*To do*
Restate the listing below word for word, and leave its pictures behind.

|---|

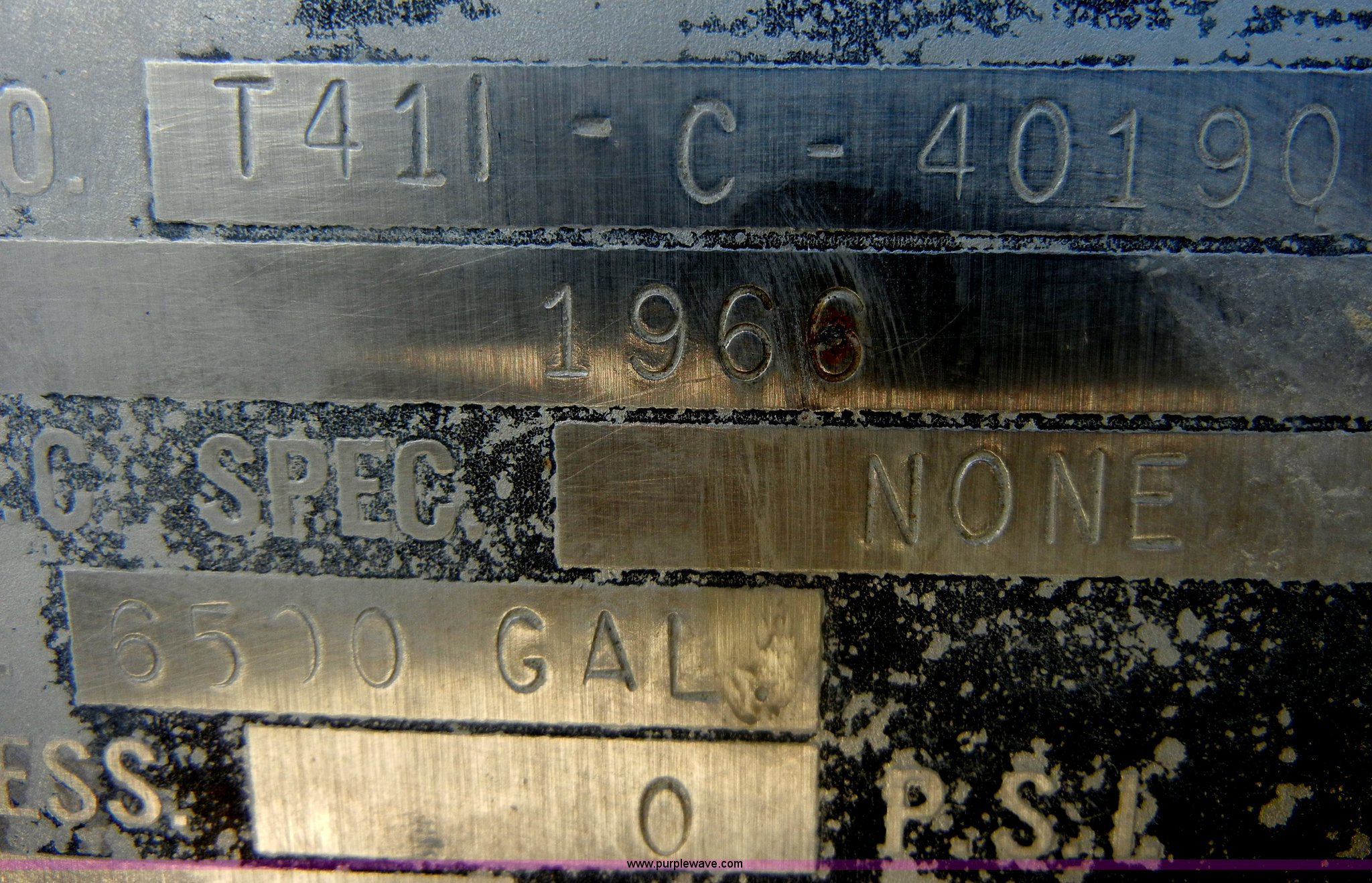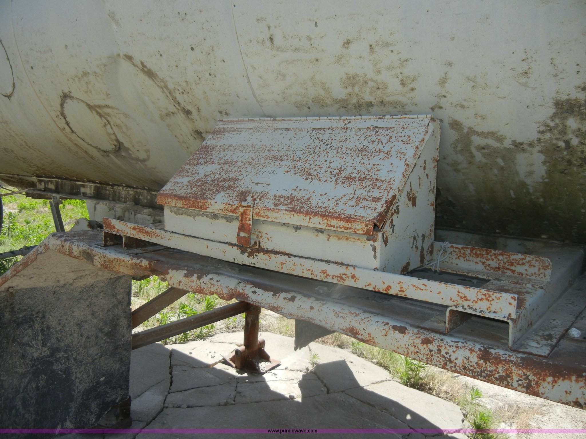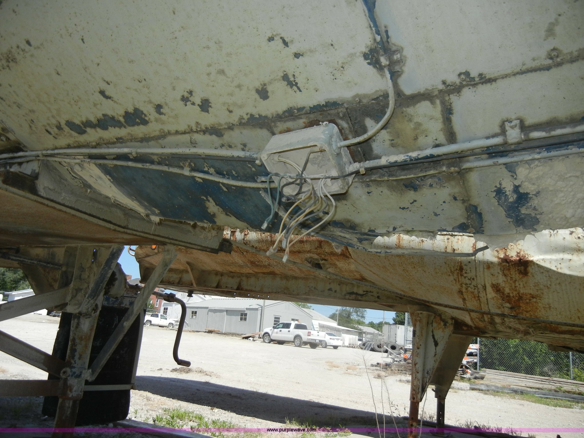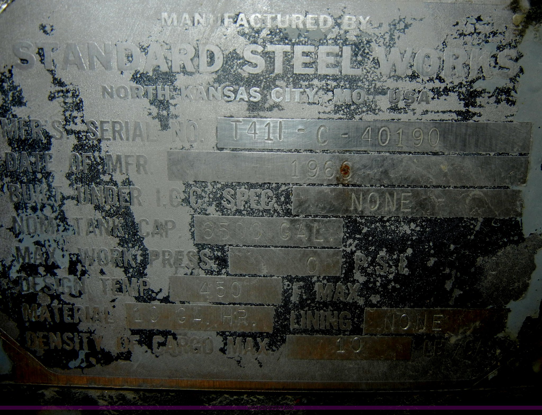 Purple Wave is selling a used Tank Trailer in Kansas. This item is a 1966 Standard Steel Works water tanker with the following: 6,500 gallon capacity, 10 gauge material, Spring suspension, 8" spray bar, Pump driven, 10.00R20 tires, Worn, Dents, Body rust, Will not hold water overnight
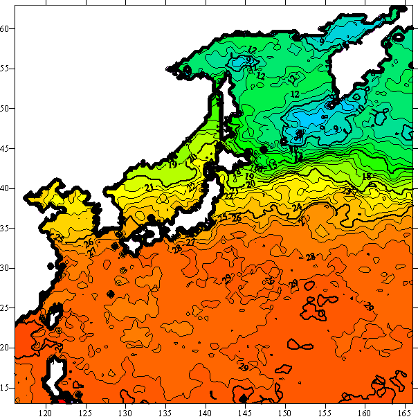 o 2005년 09월 19일 북서태평양 광역해양 수온분포 입니다.
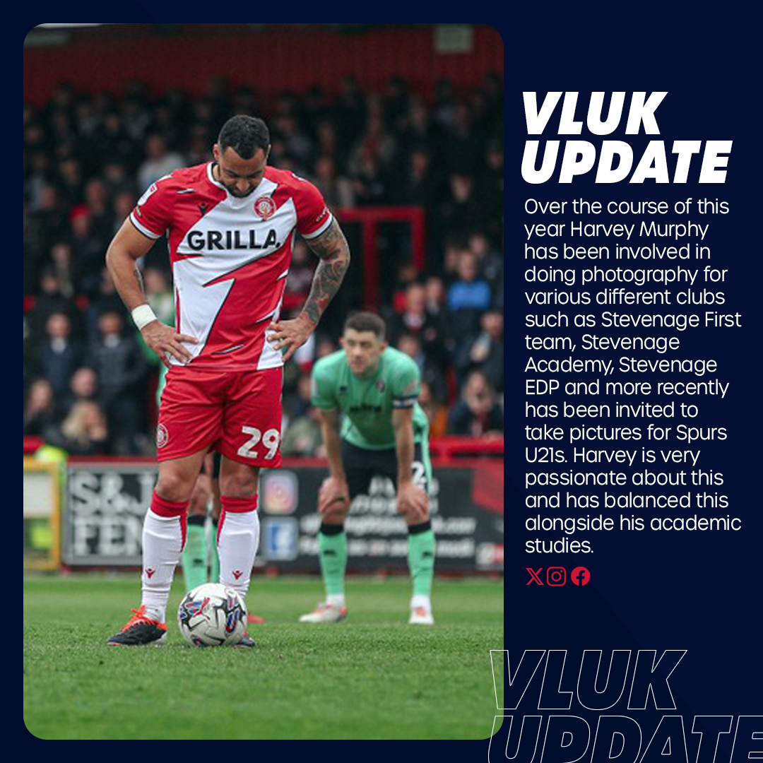 Photography Posted on 19 June 2024 Our year 13 Stevenage learner has a passion for photography with a future ambition of having his own photography company. Over the course of this year, Harvey Murphy, has been involved in doing photography for various clubs such as Stevenage First team, Stevenage Academy, Stevenage EDP and more recently has been invited to take pictures for Spurs U21s. Harvey is very passionate about his photography and has balanced this alongside his academic studies.
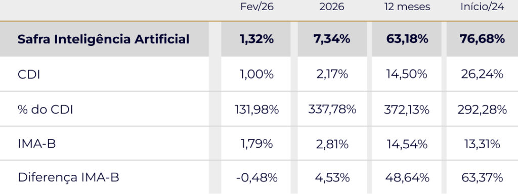Rentabilidade do Fundo Safra Inteligência Artificial em fevereiro de 2026, no acumulado do ano, em 12 meses e desde o início de 2024, em comparação com CDI e IMA-B.
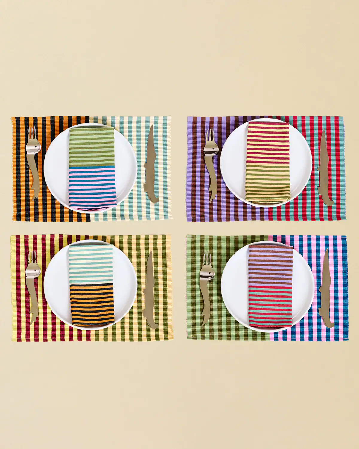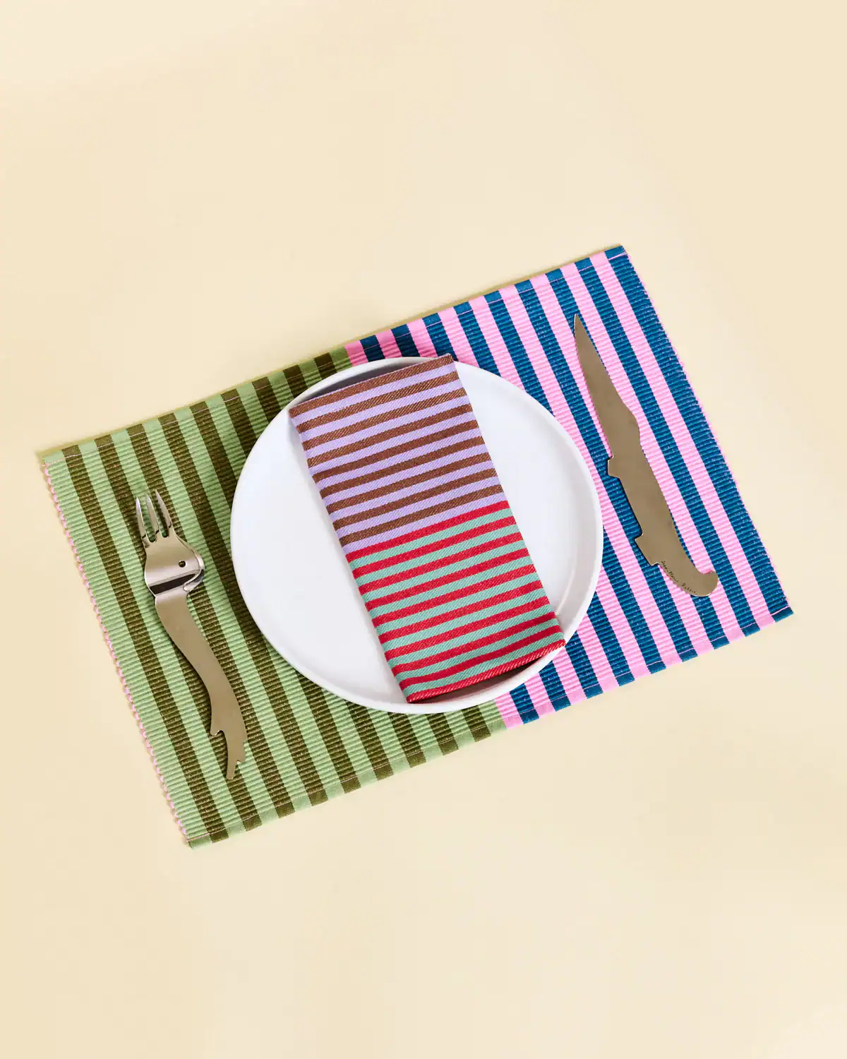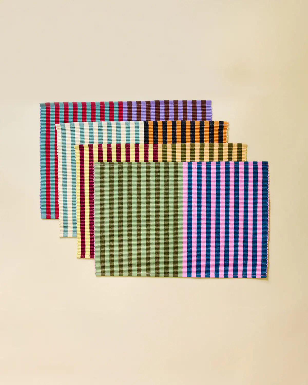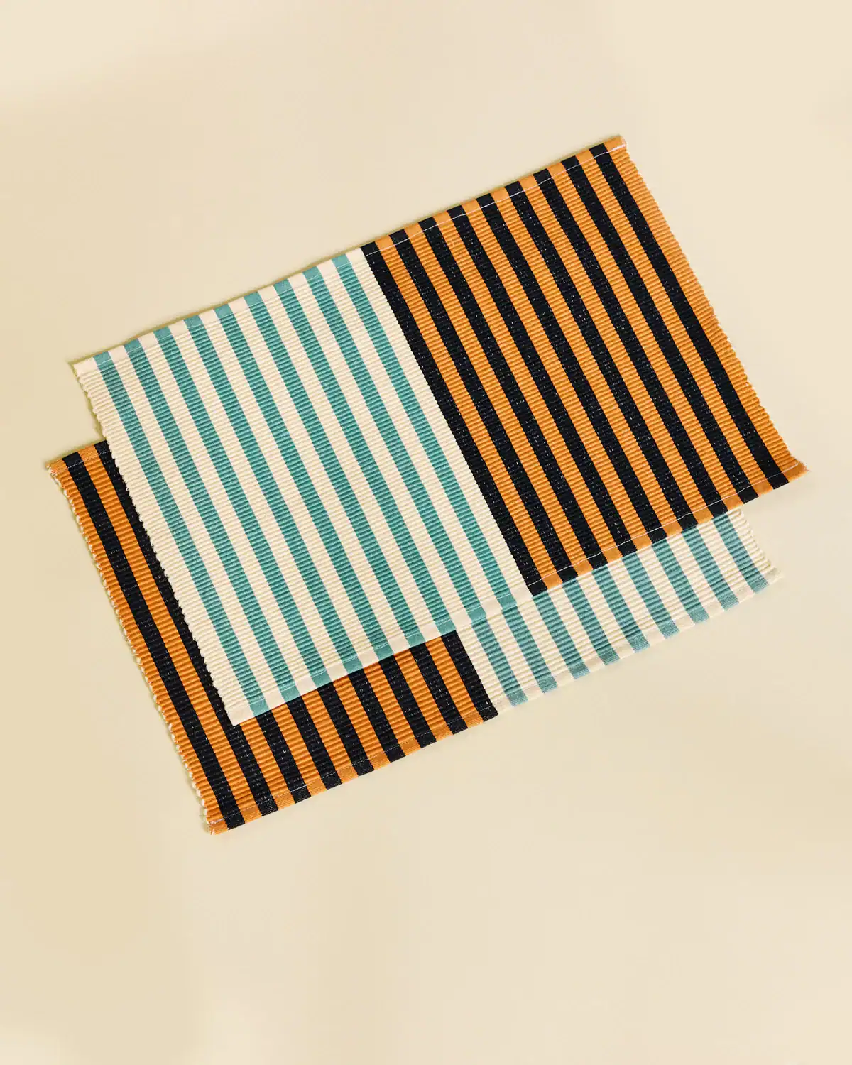 100% cotton. Cotton placemats in tri-color stripes with a ribbed texture. Made in India.
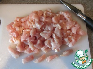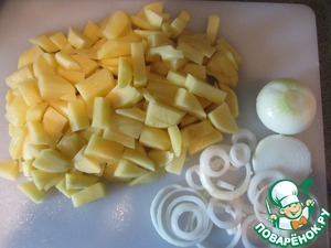 Картофель почистить и порезать. Лук почистить и порезать кольцами.
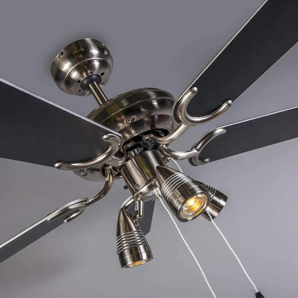 Moderne en stijlvolle multi-functionele plafondventilator met vijf houten bladen afgewerkt in grijs en zwart. De lengte van een enkel blad bedraagt 42,5cm. Je kiest zelf welke kant de finishing touch maakt! De armatuur is staal. De Mistral 42 is ideaal voor iedere ruimte waar je een koel en verfrissend briesje wilt, past perfect in een moderne inrichting. De ventilator is voorzien van twee kettingen. Een om het licht te regelen en de ander om de ventilator te regelen. Verder heeft deze Mistral 42 plafondventilator een zomerstand voor verkoeling en een winterstand om warme lucht naar beneden te circuleren Met een breedte van 110 cm is deze ventilator breed genoeg om een goede luchtcirculatie in de door jouw gekozen ruimte te garanderen. De montageplaat heeft een diameter van 16 cm. Met 43.5 decibel is deze plafondventilator stil met een AC motor en zorgt ervoor dat je geniet van een ventilator van hoge kwaliteit en energiezuinige verlichting op hetzelfde moment. De perfecte plafondventilator voor jouw slaapkamer, woonkamer of kantoor voor een verfrissende en koele ruimte. Om de Mistral 42 te laten stralen zijn er nog drie lichtbronnetjes nodig van maximum 50 Watt (GU10 fitting).

|---|

*Answer to this problem*
 Purple Wave is selling a used Tank Trailer in Kansas. This item is a 1966 Standard Steel Works water tanker with the following: 6,500 gallon capacity, 10 gauge material, Spring suspension, 8" spray bar, Pump driven, 10.00R20 tires, Worn, Dents, Body rust, Will not hold water overnight
 o 2005년 09월 19일 북서태평양 광역해양 수온분포 입니다.
 Photography Posted on 19 June 2024 Our year 13 Stevenage learner has a passion for photography with a future ambition of having his own photography company. Over the course of this year, Harvey Murphy, has been involved in doing photography for various clubs such as Stevenage First team, Stevenage Academy, Stevenage EDP and more recently has been invited to take pictures for Spurs U21s. Harvey is very passionate about his photography and has balanced this alongside his academic studies.
Rentabilidade do Fundo Safra Inteligência Artificial em fevereiro de 2026, no acumulado do ano, em 12 meses e desde o início de 2024, em comparação com CDI e IMA-B.
 100% cotton. Cotton placemats in tri-color stripes with a ribbed texture. Made in India.
 Картофель почистить и порезать. Лук почистить и порезать кольцами.
 Moderne en stijlvolle multi-functionele plafondventilator met vijf houten bladen afgewerkt in grijs en zwart. De lengte van een enkel blad bedraagt 42,5cm. Je kiest zelf welke kant de finishing touch maakt! De armatuur is staal. De Mistral 42 is ideaal voor iedere ruimte waar je een koel en verfrissend briesje wilt, past perfect in een moderne inrichting. De ventilator is voorzien van twee kettingen. Een om het licht te regelen en de ander om de ventilator te regelen. Verder heeft deze Mistral 42 plafondventilator een zomerstand voor verkoeling en een winterstand om warme lucht naar beneden te circuleren Met een breedte van 110 cm is deze ventilator breed genoeg om een goede luchtcirculatie in de door jouw gekozen ruimte te garanderen. De montageplaat heeft een diameter van 16 cm. Met 43.5 decibel is deze plafondventilator stil met een AC motor en zorgt ervoor dat je geniet van een ventilator van hoge kwaliteit en energiezuinige verlichting op hetzelfde moment. De perfecte plafondventilator voor jouw slaapkamer, woonkamer of kantoor voor een verfrissende en koele ruimte. Om de Mistral 42 te laten stralen zijn er nog drie lichtbronnetjes nodig van maximum 50 Watt (GU10 fitting).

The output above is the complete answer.